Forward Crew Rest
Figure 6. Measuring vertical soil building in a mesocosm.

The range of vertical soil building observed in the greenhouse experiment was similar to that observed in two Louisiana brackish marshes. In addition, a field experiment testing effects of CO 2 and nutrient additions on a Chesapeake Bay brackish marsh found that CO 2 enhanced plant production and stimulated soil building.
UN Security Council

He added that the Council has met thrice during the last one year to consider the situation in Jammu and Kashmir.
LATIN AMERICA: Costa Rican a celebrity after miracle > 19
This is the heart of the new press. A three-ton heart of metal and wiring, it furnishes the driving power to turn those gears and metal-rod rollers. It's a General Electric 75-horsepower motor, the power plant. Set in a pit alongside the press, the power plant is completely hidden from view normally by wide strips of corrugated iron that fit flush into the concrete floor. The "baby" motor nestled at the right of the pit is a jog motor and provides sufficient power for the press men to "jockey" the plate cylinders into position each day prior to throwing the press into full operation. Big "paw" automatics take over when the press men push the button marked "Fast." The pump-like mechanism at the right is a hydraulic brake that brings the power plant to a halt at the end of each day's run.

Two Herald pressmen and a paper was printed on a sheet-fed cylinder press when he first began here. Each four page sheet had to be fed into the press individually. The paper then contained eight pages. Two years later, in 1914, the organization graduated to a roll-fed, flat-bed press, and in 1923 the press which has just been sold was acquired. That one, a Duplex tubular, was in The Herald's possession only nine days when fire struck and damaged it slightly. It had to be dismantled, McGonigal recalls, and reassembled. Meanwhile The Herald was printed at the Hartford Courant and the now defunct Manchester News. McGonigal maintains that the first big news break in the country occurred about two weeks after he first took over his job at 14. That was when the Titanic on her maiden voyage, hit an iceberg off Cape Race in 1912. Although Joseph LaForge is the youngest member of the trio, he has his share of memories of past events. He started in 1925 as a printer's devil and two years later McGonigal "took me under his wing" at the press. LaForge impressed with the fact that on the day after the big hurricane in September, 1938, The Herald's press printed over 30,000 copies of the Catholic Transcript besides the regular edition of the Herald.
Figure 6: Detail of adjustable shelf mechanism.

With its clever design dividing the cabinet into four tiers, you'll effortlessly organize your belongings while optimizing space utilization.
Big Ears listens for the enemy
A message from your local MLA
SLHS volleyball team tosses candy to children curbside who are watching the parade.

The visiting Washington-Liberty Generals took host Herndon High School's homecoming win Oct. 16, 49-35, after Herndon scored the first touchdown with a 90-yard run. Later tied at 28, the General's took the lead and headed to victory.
********
→ **Work instructions**
Nothing is to be left out; every record above must be repeated exactly.

→ **Answer to this problem**
Forward Crew Rest
Figure 6. Measuring vertical soil building in a mesocosm.

The range of vertical soil building observed in the greenhouse experiment was similar to that observed in two Louisiana brackish marshes. In addition, a field experiment testing effects of CO 2 and nutrient additions on a Chesapeake Bay brackish marsh found that CO 2 enhanced plant production and stimulated soil building.
UN Security Council

He added that the Council has met thrice during the last one year to consider the situation in Jammu and Kashmir.
LATIN AMERICA: Costa Rican a celebrity after miracle > 19
This is the heart of the new press. A three-ton heart of metal and wiring, it furnishes the driving power to turn those gears and metal-rod rollers. It's a General Electric 75-horsepower motor, the power plant. Set in a pit alongside the press, the power plant is completely hidden from view normally by wide strips of corrugated iron that fit flush into the concrete floor. The "baby" motor nestled at the right of the pit is a jog motor and provides sufficient power for the press men to "jockey" the plate cylinders into position each day prior to throwing the press into full operation. Big "paw" automatics take over when the press men push the button marked "Fast." The pump-like mechanism at the right is a hydraulic brake that brings the power plant to a halt at the end of each day's run.

Two Herald pressmen and a paper was printed on a sheet-fed cylinder press when he first began here. Each four page sheet had to be fed into the press individually. The paper then contained eight pages. Two years later, in 1914, the organization graduated to a roll-fed, flat-bed press, and in 1923 the press which has just been sold was acquired. That one, a Duplex tubular, was in The Herald's possession only nine days when fire struck and damaged it slightly. It had to be dismantled, McGonigal recalls, and reassembled. Meanwhile The Herald was printed at the Hartford Courant and the now defunct Manchester News. McGonigal maintains that the first big news break in the country occurred about two weeks after he first took over his job at 14. That was when the Titanic on her maiden voyage, hit an iceberg off Cape Race in 1912. Although Joseph LaForge is the youngest member of the trio, he has his share of memories of past events. He started in 1925 as a printer's devil and two years later McGonigal "took me under his wing" at the press. LaForge impressed with the fact that on the day after the big hurricane in September, 1938, The Herald's press printed over 30,000 copies of the Catholic Transcript besides the regular edition of the Herald.
Figure 6: Detail of adjustable shelf mechanism.

With its clever design dividing the cabinet into four tiers, you'll effortlessly organize your belongings while optimizing space utilization.
Big Ears listens for the enemy
A message from your local MLA
SLHS volleyball team tosses candy to children curbside who are watching the parade.

The visiting Washington-Liberty Generals took host Herndon High School's homecoming win Oct. 16, 49-35, after Herndon scored the first touchdown with a 90-yard run. Later tied at 28, the General's took the lead and headed to victory.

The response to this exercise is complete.